MURIANETWORK.COM - Pemerintah Indonesia berencana mengekspor bahan pangan utama, termasuk beras, ikan, dan bumbu, ke Arab Saudi untuk mendukung kebutuhan jamaah haji pada musim 2026. Inisiatif yang digagas Menteri Haji dan Umrah, Mochamad Irfan Yusuf, ini bertujuan memastikan pasokan makanan bagi ratusan ribu jamaah sekaligus memberikan manfaat ekonomi bagi masyarakat domestik. Rencana tersebut sedang dikembangkan dengan melibatkan sejumlah lembaga terkait di dalam negeri.
Strategi Pasokan Pangan dari Dalam Negeri
Langkah mengekspor bahan makanan untuk ibadah haji ini bukan hal baru sepenuhnya.
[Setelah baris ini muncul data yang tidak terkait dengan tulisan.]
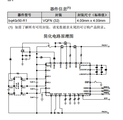 The bq40z50-R1 device uses the patented Impedance Track technology, which is a single chip fully integrated solution based on battery packs. It provides a series of rich functions such as power monitoring, protection and certification for 1, 2, 3 and 4 series lithium ion or lithium polymer battery packs.

Menurut Gus Irfan, sapaan akrab menteri, ekspor bumbu telah dilakukan pada dua musim haji sebelumnya dengan volume yang terus meningkat. Upaya ini kini diperluas ke komoditas yang lebih strategis.
"Kita upayakan semua makanan yang dimakan jamaah haji bisa kita ekspor dari Indonesia. Tahun ini dan tahun kemarin bumbu sudah. Kemarin 400 ton, hari ini 600 ton bumbu," jelasnya saat ditemui di Kompleks Parlemen, Senayan, Jakarta Pusat, Selasa (10/2/2026).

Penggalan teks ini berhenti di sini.